WHAT IS REQUIRED: Would you copy the records below, exactly and only from their first line through the line containing "Our Cabins are", without any pictures?

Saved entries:
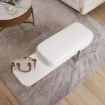 - Modern Elegance: Featuring a sleek, contemporary design, this bench is ideal for modern living spaces. The abstract metal legs provide an eye-catching geometric element, while the clean white wooden seat complements any decor, offering timeless appeal.
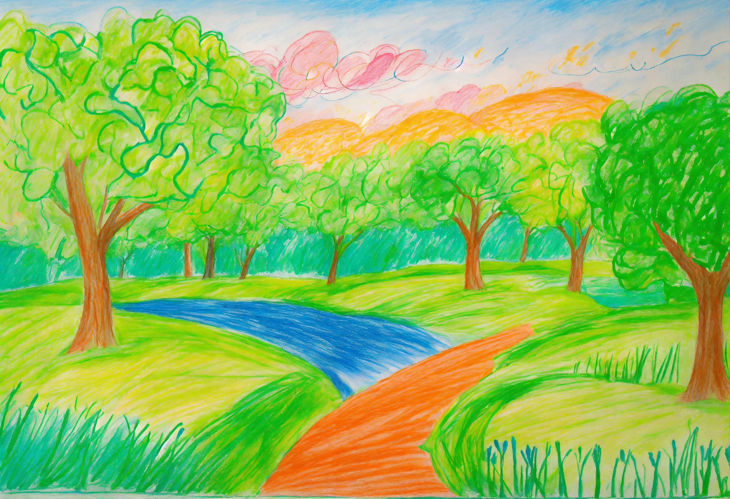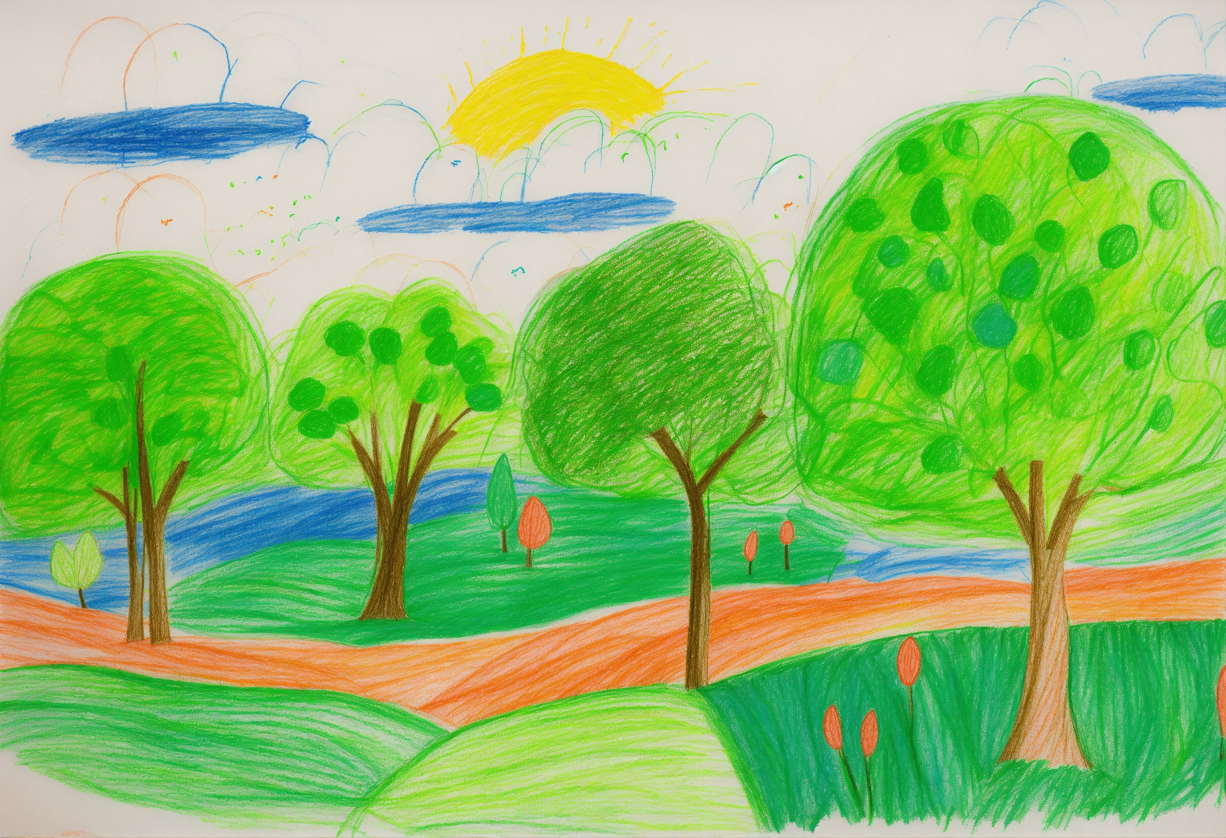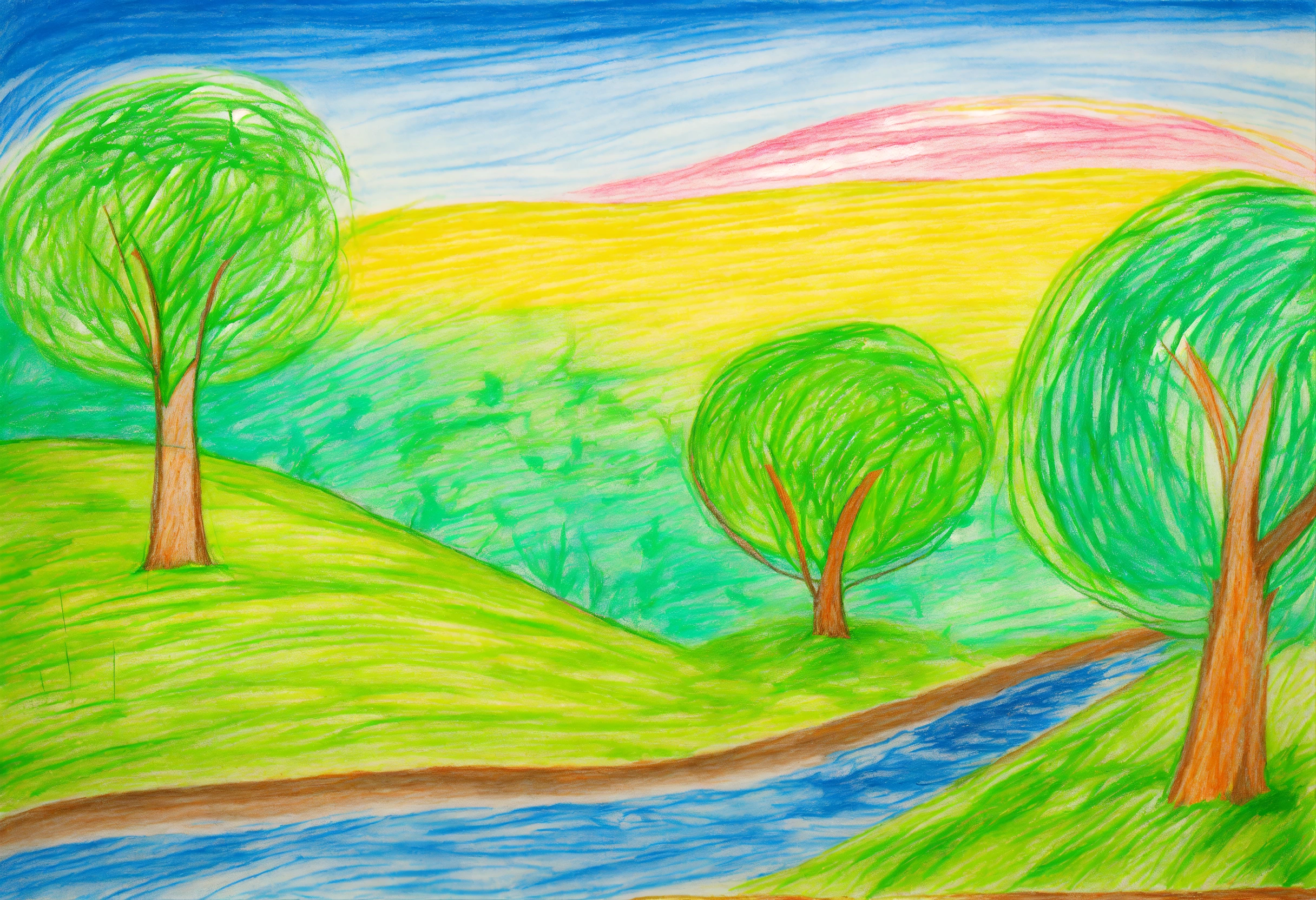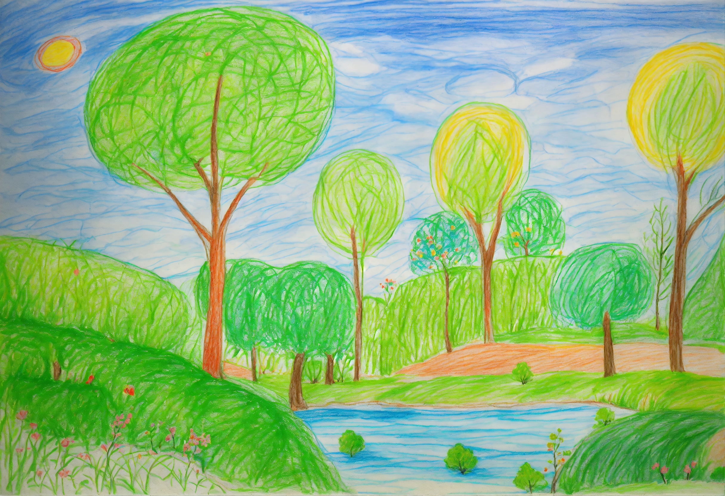 A child-like and naive drawing of a green landscape with trees and water and blue sky scribbled with colored pencils drawn by a 5 years old child
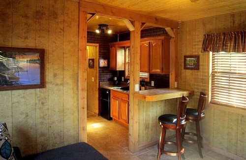 Our Cabins are a prefect weekend retreat or long term winter vacation home. With a warm, homey feeling that isn't easily found in other cabins, the studio floor plan and special features insure that you have the most enjoyable relaxing vacation. The rustic exterior Cedar Siding is housing an interior of ceramic tile & rustic walls, with top of the line electronics, and appliances. If you look for that special, and romantic place, look no further, our Classic Cabins have it all!
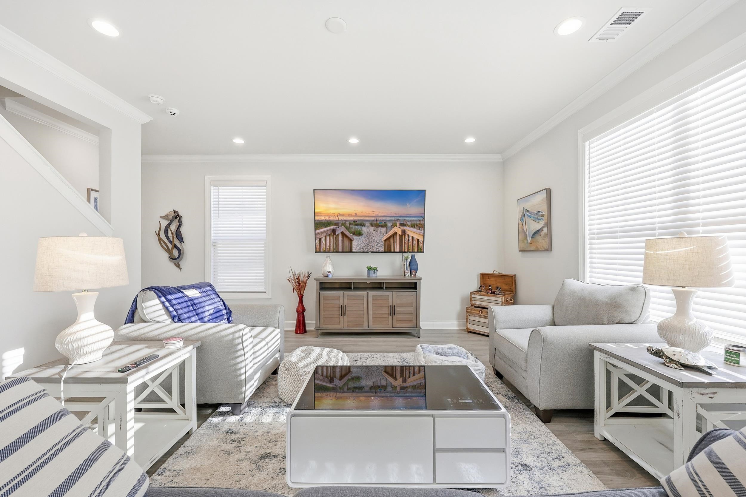 Imagine ending your day by the firepit overlooking the pond while the lights energy and dining of Market Common sit just a golf cart ride away. Welcome to 2688 Stellar Loop where open concept living modern finishes and the Myrtle Beach lifestyle come together in one of the most walkable and sought after communities in the area. The main level offers a bright open concept great room that flows seamlessly into a move in ready kitchen featuring modern gray cabinetry quartz countertops a large island with breakfast bar stainless Whirlpool appliances including a gas range and a spacious walk in pantry. Sliding glass doors lead to a screened porch and expansive patio creating exceptional outdoor living with peaceful pond views and a fully fenced backyard ideal for relaxing entertaining and everyday enjoyment. The backyard is fully equipped with an irrigation system to keep everything looking its best year round. A versatile flex space on the first floor provides the perfect home office formal dining room or den. Upstairs all four bedrooms are thoughtfully arranged together creating a private retreat separate from the main living areas. The primary suite features a huge custom walk in closet and spa inspired bath with double sinks a five foot shower and a linen closet. The second floor laundry adds everyday convenience. Throughout the home all smart switches are fully connected creating a modern smart home experience with comfort efficiency and control at your fingertips. From morning walks on scenic trails to boutique shopping dining parks and year round events Market Common delivers low maintenance coastal living in a vibrant family friendly community. This is not just where you live this is where your days slow down your weekends open up and everything starts to feel easier. Homes like this do not just get listed they get claimed.
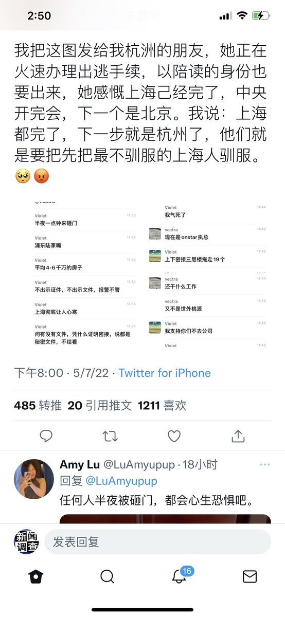 上海某单位法务总监刘中明,房子价值4000-6000万,半夜一点钟被一群警察砸门,说他是密接要抓人。警察不出示证件,不出示文件,说是秘密,报警也没用。最终一家人被10多个白卫兵强行抓走!中产、金领们在瑟瑟发抖啊!
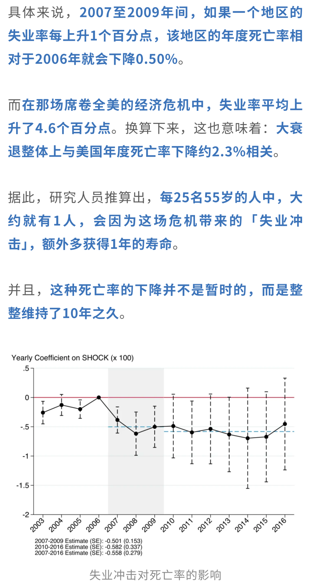 分析结果表明,在大衰退期间,就业率跌得越狠的地区,死亡率反而降得越明显。
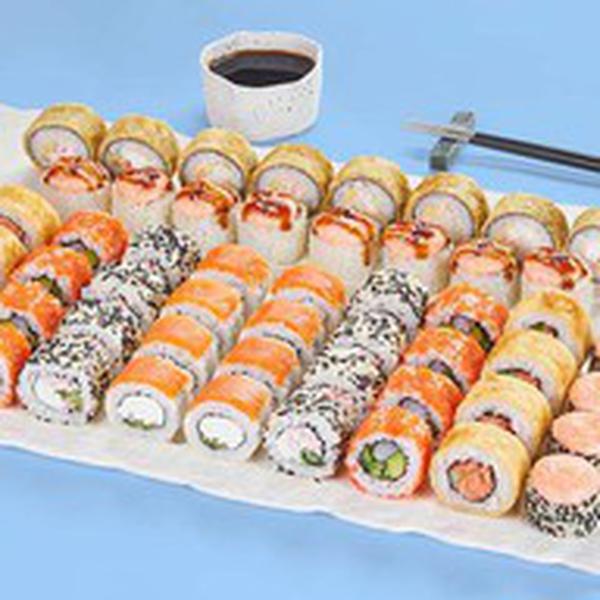 Состав: Ролл Миссури (8 шт.), ролл Филадельфия лайт с огурцом (8 шт.), ролл Калифорния с креветкой (8 шт.), ролл Спешл (8 шт.), ролл Фараон (8 шт.), ролл Дакота (8 шт.), ролл Сицилия (8 шт.) *Не забудьте заказать имбирь, васаби и соевый соус. Они не входят в стоимость заказа. *Внешний вид блюда может отличаться от фото на сайте.

COMPLETED EXERCISE:
 - Modern Elegance: Featuring a sleek, contemporary design, this bench is ideal for modern living spaces. The abstract metal legs provide an eye-catching geometric element, while the clean white wooden seat complements any decor, offering timeless appeal.
 A child-like and naive drawing of a green landscape with trees and water and blue sky scribbled with colored pencils drawn by a 5 years old child
 Our Cabins are a prefect weekend retreat or long term winter vacation home. With a warm, homey feeling that isn't easily found in other cabins, the studio floor plan and special features insure that you have the most enjoyable relaxing vacation. The rustic exterior Cedar Siding is housing an interior of ceramic tile & rustic walls, with top of the line electronics, and appliances. If you look for that special, and romantic place, look no further, our Classic Cabins have it all!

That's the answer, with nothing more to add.